- EXERCISE GOAL: Each record below is to be retyped exactly, with its pictures omitted.

**** DATASET EXCERPTS

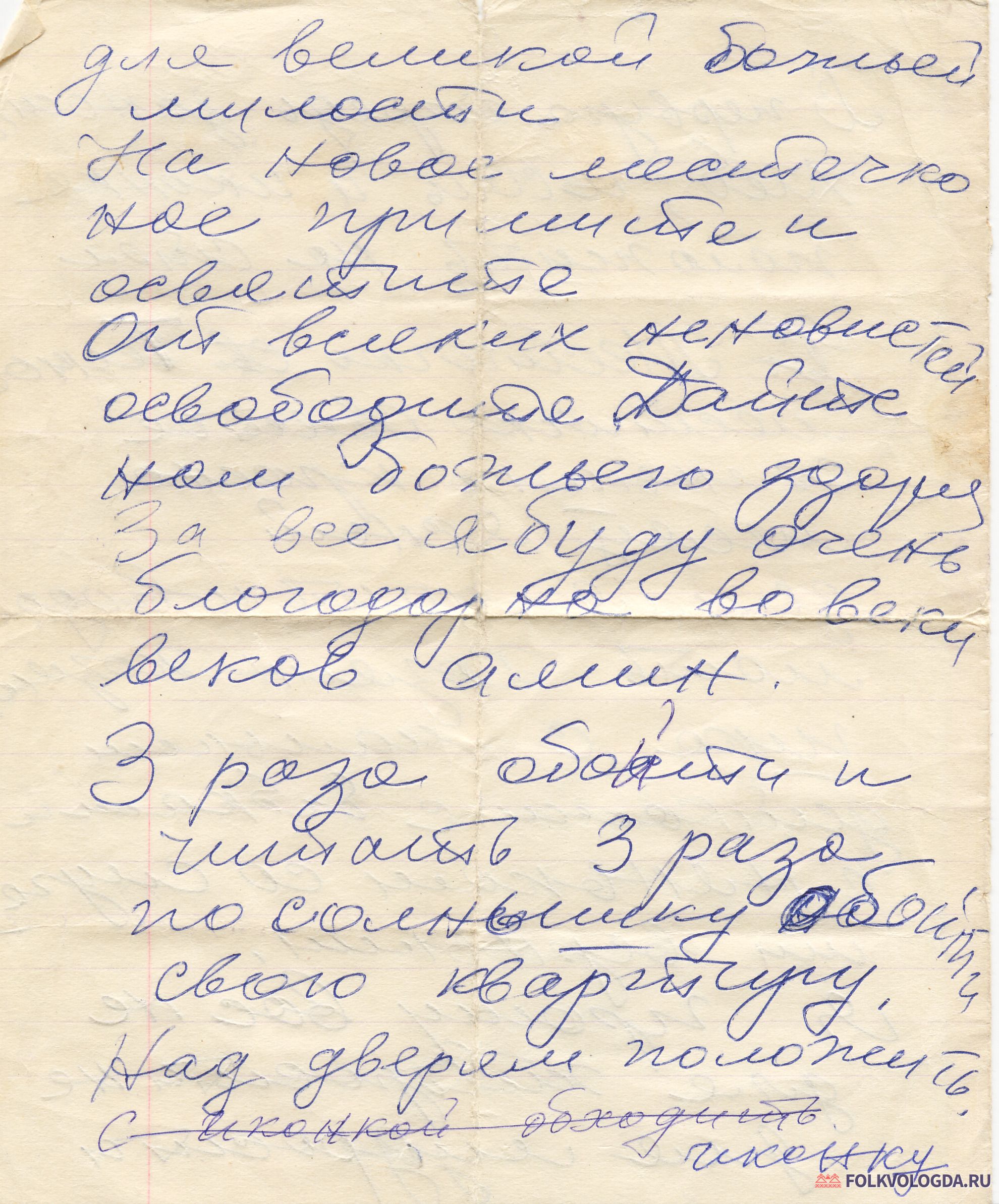 Комментарий после текста: 3 раза обойти и читать 3 раза. По солнышку обойти свою квартиру. Над дверям положить иконку. [С иконкой обходить]
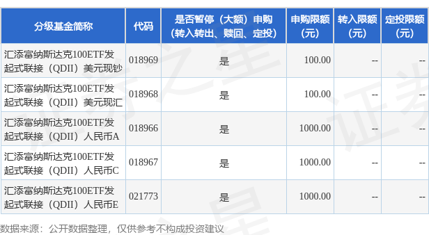 注:1、汇添富纳斯达克100ETF发起式联接(QDII)人民币A、汇添富纳斯达克100ETF发起式联接(QDII)人民币C、汇添富纳斯达克100ETF发起式联接(QDII)人民币E自2025年10月30日起限制大额申购、大额定期定额投资业务,限制金额为5000人民币元,汇添富纳斯达克100ETF发起式联接(QDII)美元现钞、汇添富纳斯达克100ETF发起式联接(QDII)美元现汇自2025年10月30日起限制大额申购、大额定期定额投资业务,限制金额为1000美元,详见本公司于2025年10月29日发布的《关于汇添富纳斯达克100交易型开放式指数证券投资基金发起式联接基金(QDII)调整大额申购、定期定额投资业务限制金额的公告》。
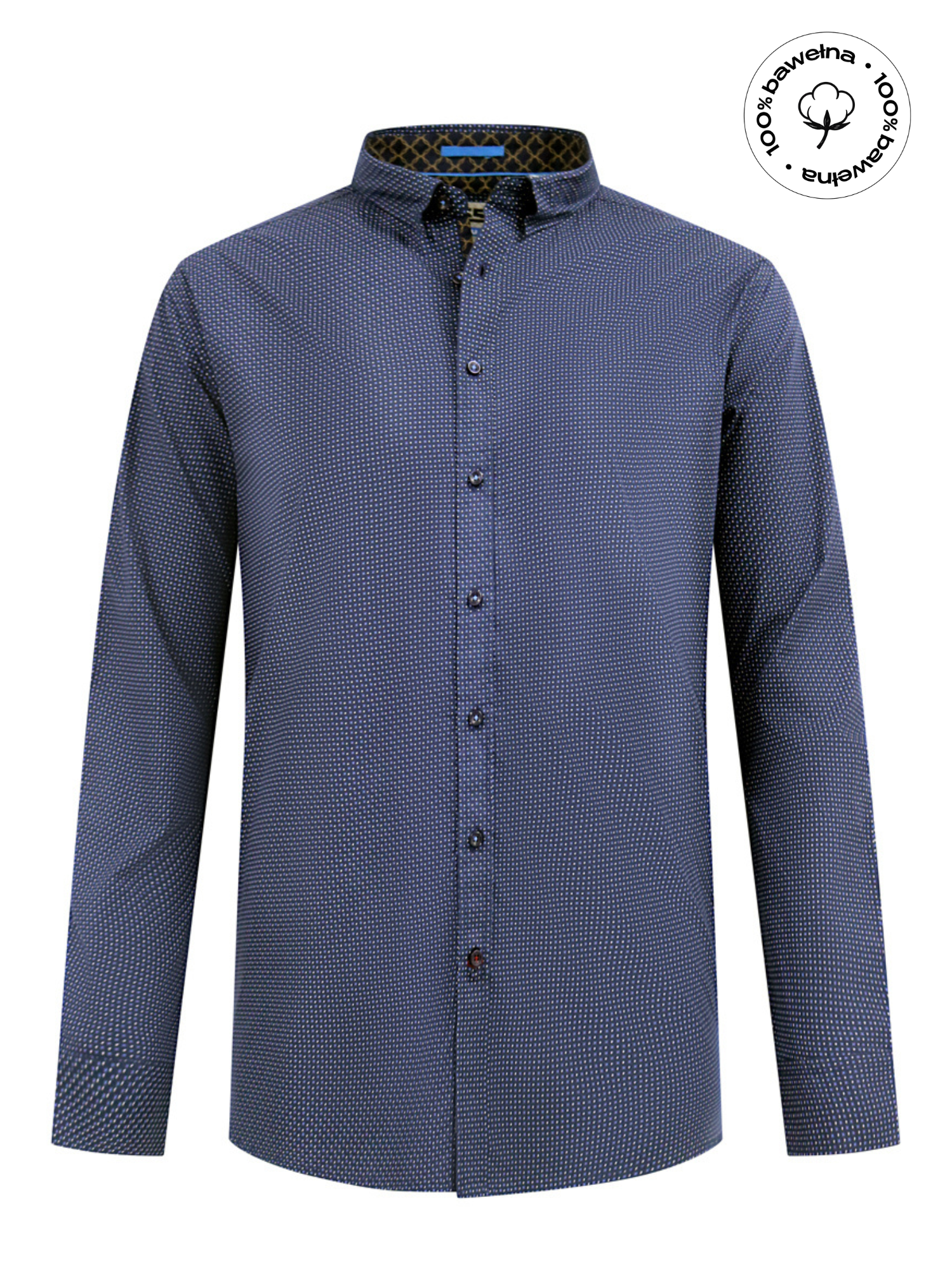 MIDDLESBROUGH D555 Men's Large Cotton Printed Shirt with Long Sleeves, Navy Blue
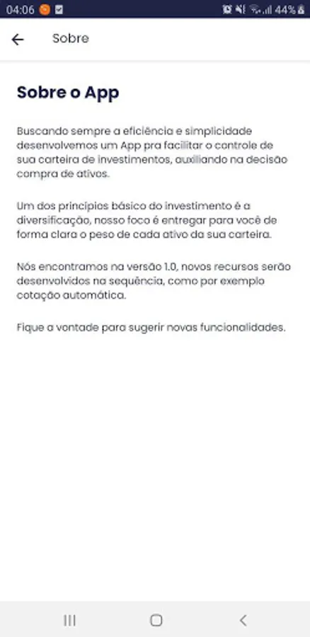 Always looking for efficiency and simplicity, we developed an App to facilitate the control of your investment portfolio, assisting in the decision to purchase assets.
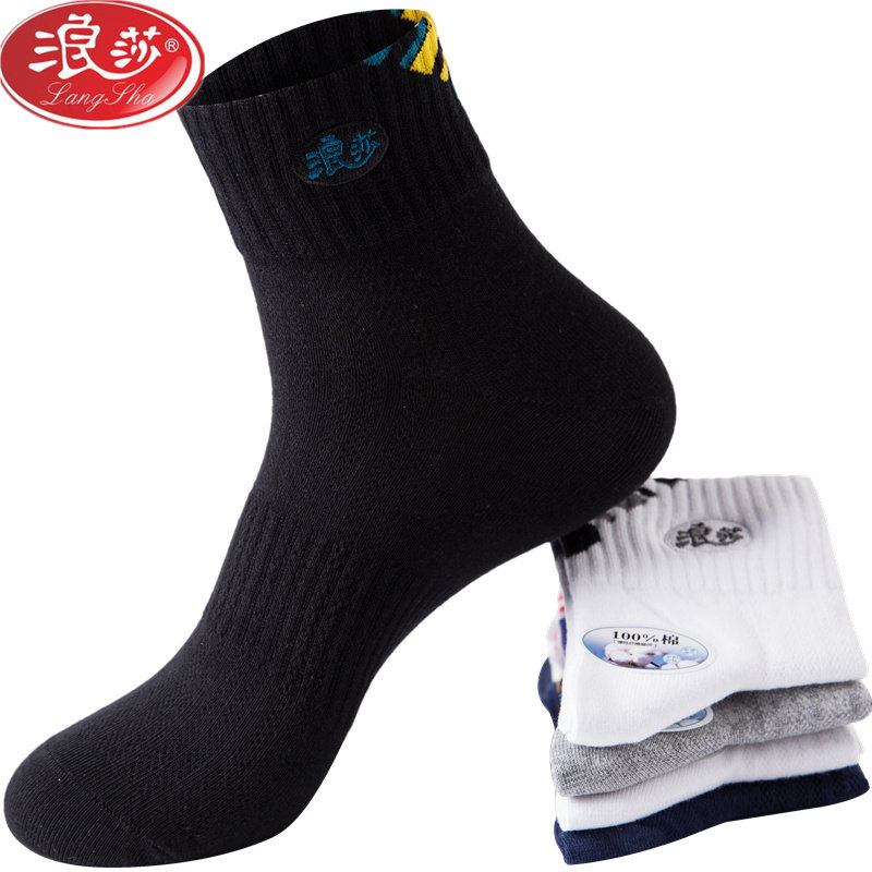 Langsha pure cotton men's socks autumn and winter mid-tube socks breathable and sweat-absorbing men's cotton sports socks winter stockings
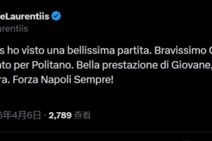 體育資訊4月7日訊 在那不勒斯1-0擊敗米蘭奪回意甲第二名后,那不勒斯主席德勞倫蒂斯更新社交媒體。
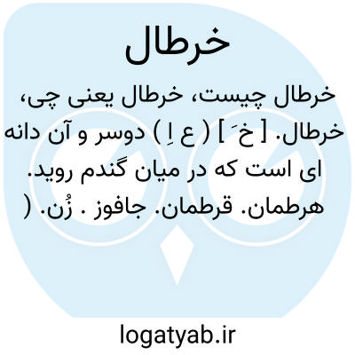 خرطال. [ خ َ ] ( ع اِ ) دوسر و آن دانه ای است که در میان گندم روید. هرطمان. قرطمان. جافوز. زُن. ( یادداشت بخط مؤلف ). تخمی است دوائی و آن در میان گندم روید و طبیعت آن معتدل است. ( برهان قاطع ).
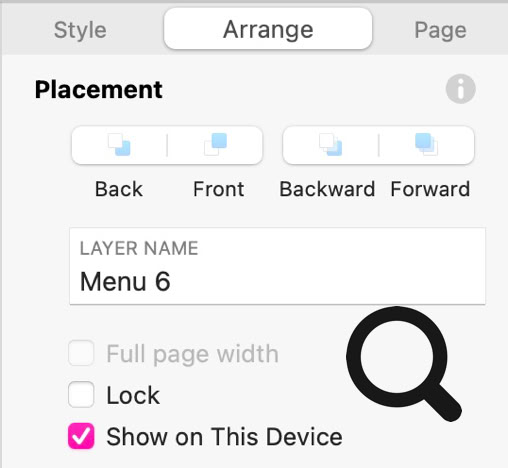Having created a menu, Sitely allows you to decide where and on what devices it should be displayed. This is all done in the Arrange panel. With the menu selected on the canvas, pop over to the Arrange tab to see all the available options.
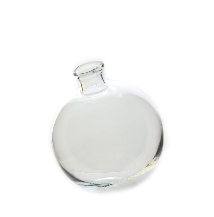 This uniquely designed round bud vase is not only sophisticated in both color and shape, but also is hand blown by true artisans in Europe. The glass sphere is elegantly imperfect and designed to sit slightly off center on your table top. Not your average flower vase, this decorative sphere makes for the perfect flower holder. For a more contemporary application, this unique glass vase can be filled with candies or nuts and used as a dispenser.
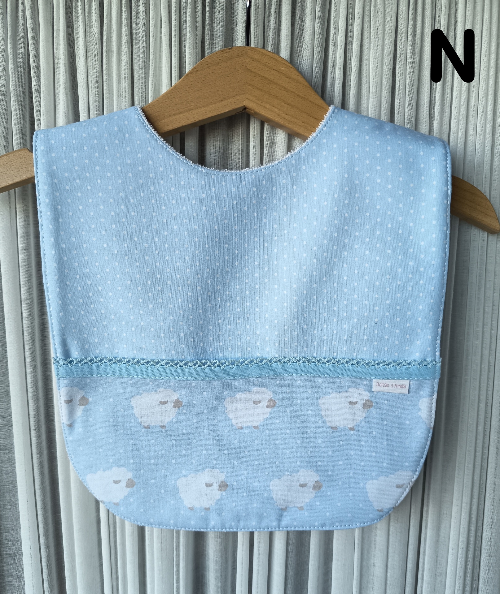 Babete azul claro com bolinhas e ovelhas brancas pendurado num cabide de madeira
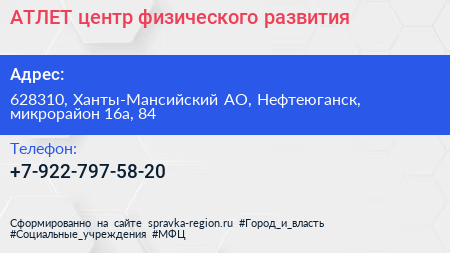 АТЛЕТ, центр физического развития по адресу 628310, Ханты-Мансийский АО, Нефтеюганск, микрорайон 16а, 84 в дальнейшем Организация, размещена в следующих категориях:
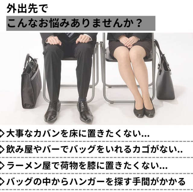 特に雨の日は、水滴や泥で床が濡れていて、バッグをどこに置くか悩んだことはありませんか?
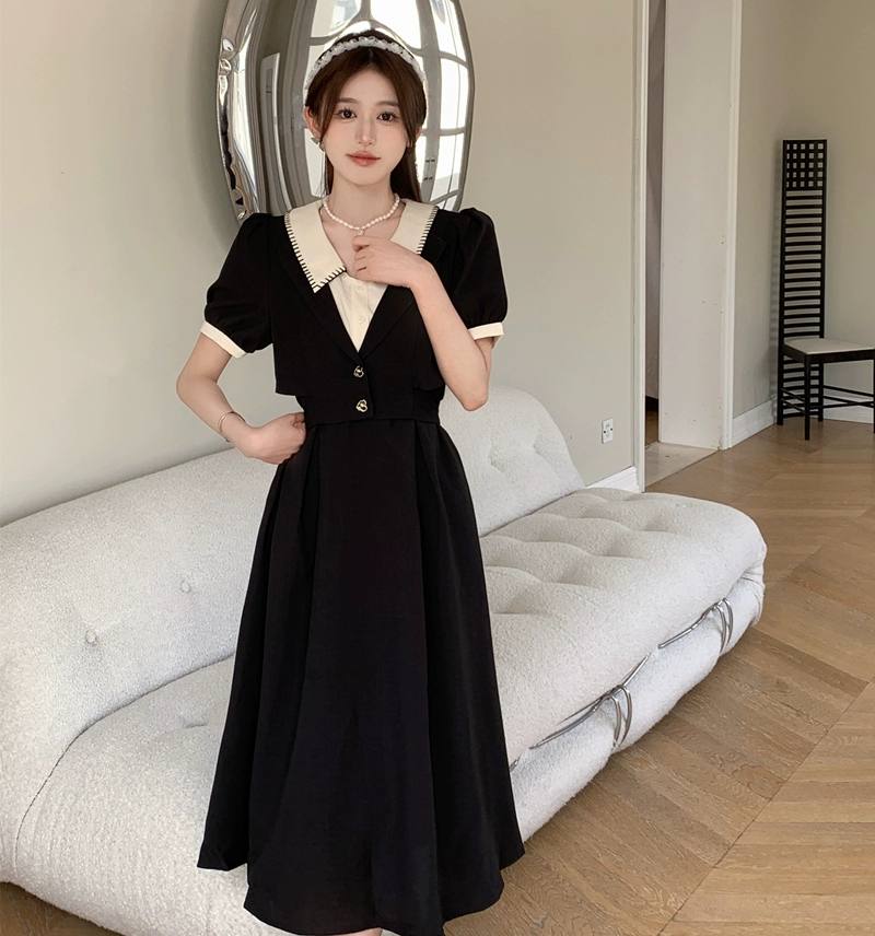 Short-sleeved Hepburn style little black dress for fat girls, fake two-piece drape
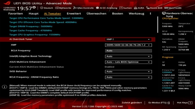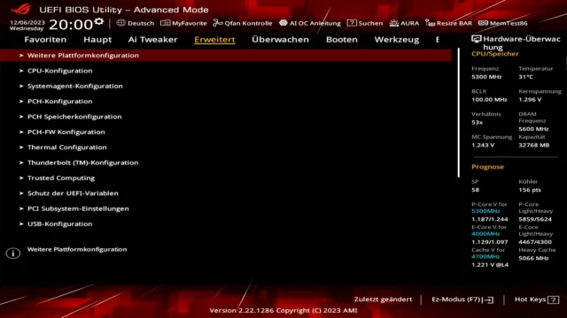 Mit der Taste F7 kann in den erweiterten Modus gewechselt werden. Hier können tiefgreifende Einstellungen zu Clocks und Timings von CPU und RAM vorgenommen werden. Der berühmt-berüchtigte Ai Tweaker bietet hier einige Hilfestellungen und Utilities, um mit wenig Aufwand mehr Leistung aus den verbauten Komponenten herauszuholen.
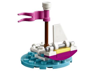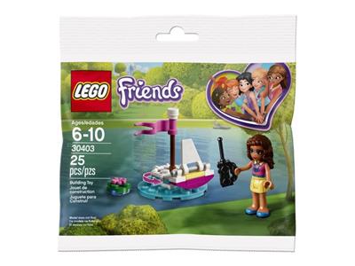 Olivia navigates her remote-control boat across the lake at Heartlake City Park, skillfully steering around the flagpole as it spins, guiding her vessel through the sparkling waters.
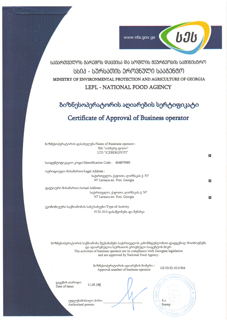 ბიზნესოპერატორის აღიარების სერთიფიკატი

********

- RESPONSE BELOW:
 Комментарий после текста: 3 раза обойти и читать 3 раза. По солнышку обойти свою квартиру. Над дверям положить иконку. [С иконкой обходить]
 注:1、汇添富纳斯达克100ETF发起式联接(QDII)人民币A、汇添富纳斯达克100ETF发起式联接(QDII)人民币C、汇添富纳斯达克100ETF发起式联接(QDII)人民币E自2025年10月30日起限制大额申购、大额定期定额投资业务,限制金额为5000人民币元,汇添富纳斯达克100ETF发起式联接(QDII)美元现钞、汇添富纳斯达克100ETF发起式联接(QDII)美元现汇自2025年10月30日起限制大额申购、大额定期定额投资业务,限制金额为1000美元,详见本公司于2025年10月29日发布的《关于汇添富纳斯达克100交易型开放式指数证券投资基金发起式联接基金(QDII)调整大额申购、定期定额投资业务限制金额的公告》。
 MIDDLESBROUGH D555 Men's Large Cotton Printed Shirt with Long Sleeves, Navy Blue
 Always looking for efficiency and simplicity, we developed an App to facilitate the control of your investment portfolio, assisting in the decision to purchase assets.
 Langsha pure cotton men's socks autumn and winter mid-tube socks breathable and sweat-absorbing men's cotton sports socks winter stockings
 體育資訊4月7日訊 在那不勒斯1-0擊敗米蘭奪回意甲第二名后,那不勒斯主席德勞倫蒂斯更新社交媒體。
 خرطال. [ خ َ ] ( ع اِ ) دوسر و آن دانه ای است که در میان گندم روید. هرطمان. قرطمان. جافوز. زُن. ( یادداشت بخط مؤلف ). تخمی است دوائی و آن در میان گندم روید و طبیعت آن معتدل است. ( برهان قاطع ).
Having created a menu, Sitely allows you to decide where and on what devices it should be displayed. This is all done in the Arrange panel. With the menu selected on the canvas, pop over to the Arrange tab to see all the available options.
 This uniquely designed round bud vase is not only sophisticated in both color and shape, but also is hand blown by true artisans in Europe. The glass sphere is elegantly imperfect and designed to sit slightly off center on your table top. Not your average flower vase, this decorative sphere makes for the perfect flower holder. For a more contemporary application, this unique glass vase can be filled with candies or nuts and used as a dispenser.
 Babete azul claro com bolinhas e ovelhas brancas pendurado num cabide de madeira
 АТЛЕТ, центр физического развития по адресу 628310, Ханты-Мансийский АО, Нефтеюганск, микрорайон 16а, 84 в дальнейшем Организация, размещена в следующих категориях:
 特に雨の日は、水滴や泥で床が濡れていて、バッグをどこに置くか悩んだことはありませんか?
 Short-sleeved Hepburn style little black dress for fat girls, fake two-piece drape
 Mit der Taste F7 kann in den erweiterten Modus gewechselt werden. Hier können tiefgreifende Einstellungen zu Clocks und Timings von CPU und RAM vorgenommen werden. Der berühmt-berüchtigte Ai Tweaker bietet hier einige Hilfestellungen und Utilities, um mit wenig Aufwand mehr Leistung aus den verbauten Komponenten herauszuholen.
 Olivia navigates her remote-control boat across the lake at Heartlake City Park, skillfully steering around the flagpole as it spins, guiding her vessel through the sparkling waters.
 ბიზნესოპერატორის აღიარების სერთიფიკატი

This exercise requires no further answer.